Crianças de 6 a 10 anos de idade

“São acrescentados para esta faixa etária esportes com maior grau de dificuldade técnica, com regras e realizados em grupos, para continuar colaborando no desenvolvimento da coordenação motora e do convívio social, que, por fim, favorecerá o aprendizado de valores, como o respeito, a solidariedade e a experiência sobre como ganhar e perder”, explica. Entre as opções disponíveis para estas crianças estão os esportes com bola (basquetebol, voleibol, handebol, beisebol etc), as artes marciais (judô, karatê, tae-kwon-do, kung-fu e jiu-jitsu), hipismo, tênis de mesa e de campo. O especialista sugere que, na medida do possível, seja feito um rodízio de modalidades esportivas para que criança tenha oportunidade de experimentar diferentes tipos (individual ou coletivo, com ou sem interação entre os adversários etc.), desenvolver todas as suas habilidades e identificar suas preferências e aptidões.

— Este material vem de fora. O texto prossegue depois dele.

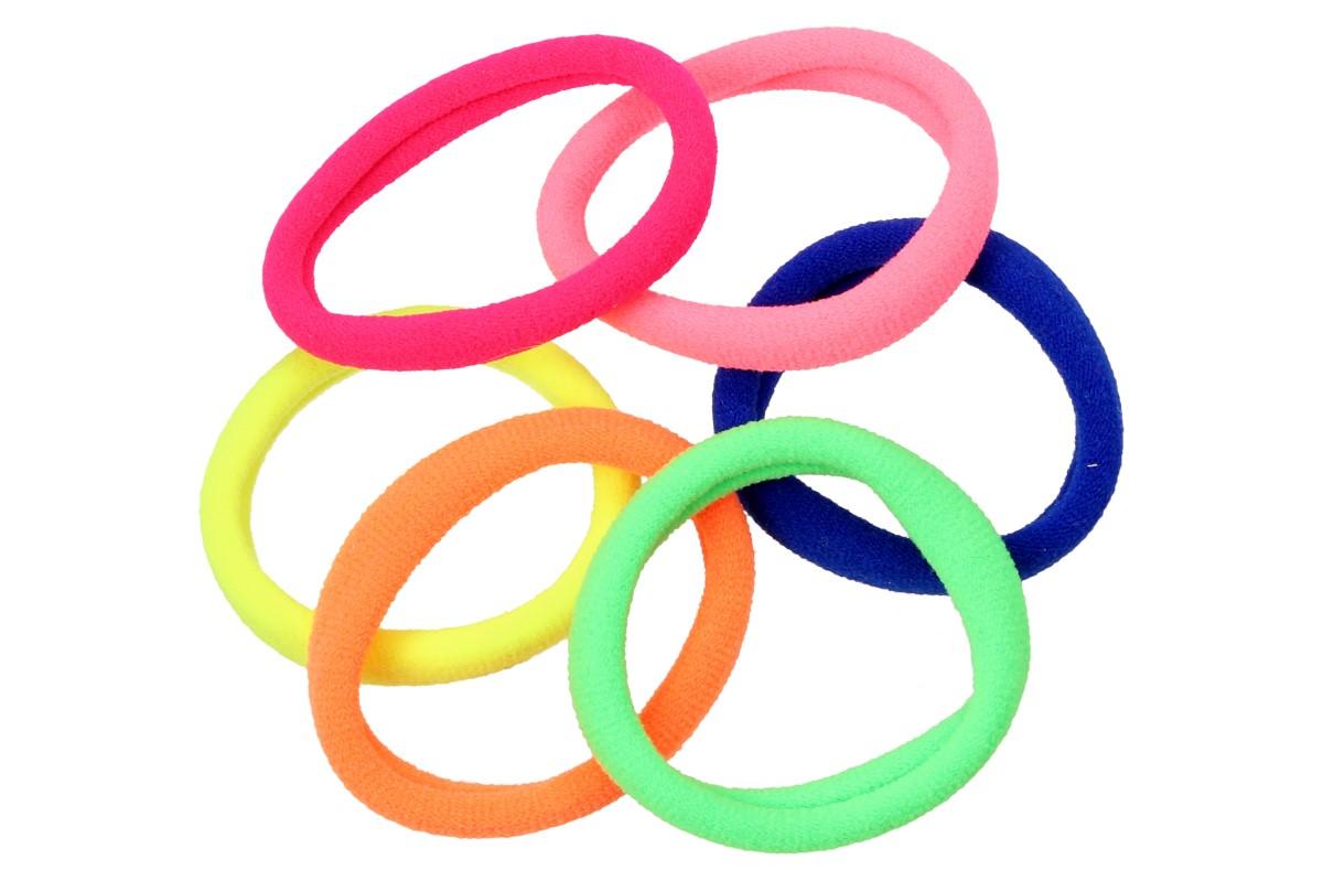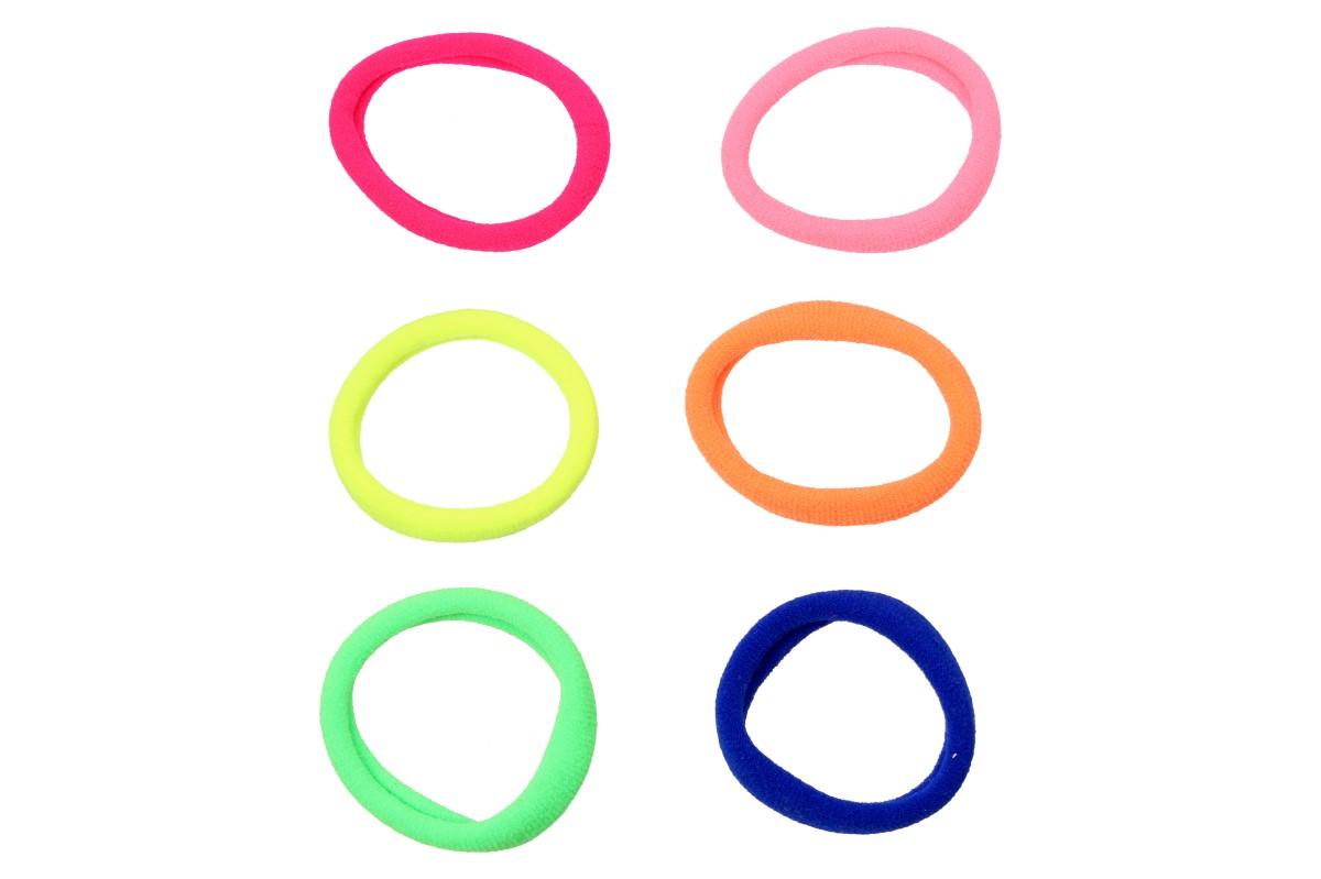 Pevné barevné gumičky do vlasů Sada 6 kusů jsou vyrobeny z jemného materiálu, který netahá a nepoškozuje vlasy. Ideální využití gumiček je pro jakýkoliv účesy i typy vlasů, takže pohodlně vytvoříte pevný účes, který se jentak nerozpadne. Gumička o průměru 4 cm je velice pružná a přizpůsobivá. V balení je 6 druhů barev: tmavě růžová, světle růžová, zelená, modrá, žlutá a oranžová.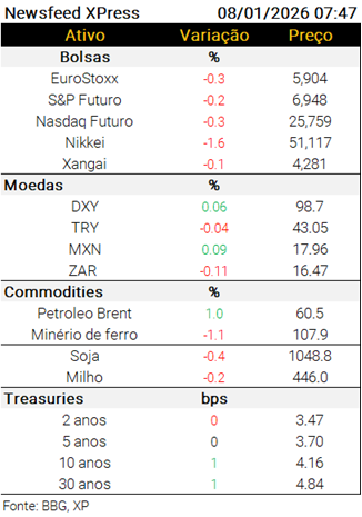 Agenda local de dados: Às 8h a FGV divulga o IGP-DI de dezembro (exp. 0,18% m/m e -1,15% a/a). Às 9h o IBGE publica a PIM de novembro (Consenso: 0,1% m/m e -1,0% a/a; XP: -0,1% m/m e -1,3% a/a). Às 10h30 o Tesouro divulga os editais do primeiro leilão de pré-fixados do ano.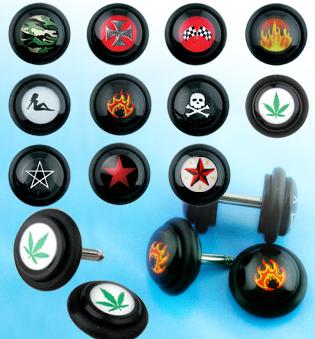 Description : 14ga Faux UV Plugs with Trendy Logos on both sides.

Crianças de 10 a 12 anos de idade

As atividades físicas moderadas, quando praticadas regularmente, por meninos e meninas entre 10 e 13 anos de idade, estimulam a produção do hormônio do crescimento (GH), favorecendo o crescimento estatural. No entanto, a prática intensa (mais de 36 horas por semana) está relacionada a diminuição no ganho estatural, pois inibe a produção deste mesmo hormônio. “Para meninas, pode ainda resultar em um atraso puberal, com ciclos menstruais sem ovulação ou mesmo ausência de menstruação”, completa.

O ideal nesta fase é concentrar a prática de uma ou duas atividades esportivas preferidas, com intensidade moderada, durante uma hora por dia, visando a participação em pequenas competições, pois já apresentam condições psicológicas para lidar com as derrotas e as vitórias. No entanto, manter o espírito recreativo das atividades esportivas ainda é essencial.

Crianças de 13 a 17 anos de idade

Para adolescentes, a maioria das modalidades esportivas estão liberadas, inclusive a musculação e o crossfit, devido ao grau de desenvolvimento muscular atingido. As participações nas competições esportivas e a realização de carga de treinamento de alta intensidade são sobrecargas psicológicas e físicas melhor administrada pelos atletas nessa faixa etária.

“Quando a criança e adolescente têm a atividade física incluída em sua rotina desde bebê têm mais chances de tornarem-se adulto com hábitos esportivos. Porém, nunca é tarde para começar”, alerta o professor. No caso de crianças sedentárias, os pais devem dar o exemplo praticando as atividades físicas e convidando seus filhos para acompanhá-los nessa prática. Além disso, é preciso conversar com a criança sobre os benefícios de se praticar regularmente atividades físicas e as desvantagens relacionadas ao sedentarismo.

Outra dica importante é que os pais acompanhem a programação das aulas de educação física da escola, verificando e estimulando a participação do filho nessas aulas. “É ainda mais fundamental que os pais estimulem os filhos a brincarem ao ar livre e a participarem de jogos e esportes da escola, do bairro, do condomínio ou do clube que frequentam, mas sempre com a saúde em dia”, conclui Reis.

*Átila Viscardi Reis é médico especialista em Ortopedia e Traumatologia pela Sociedade Brasileira de Ortopedia e Traumatologia (SBOT) e em Ortopedia Pediátrica pela Sociedade Brasileira de Ortopedia Pediátrica (SBOP). Atualmente, ministra aula de Ortopedia e Traumatologia no curso de Medicina da Universidade Anhembi Morumbi.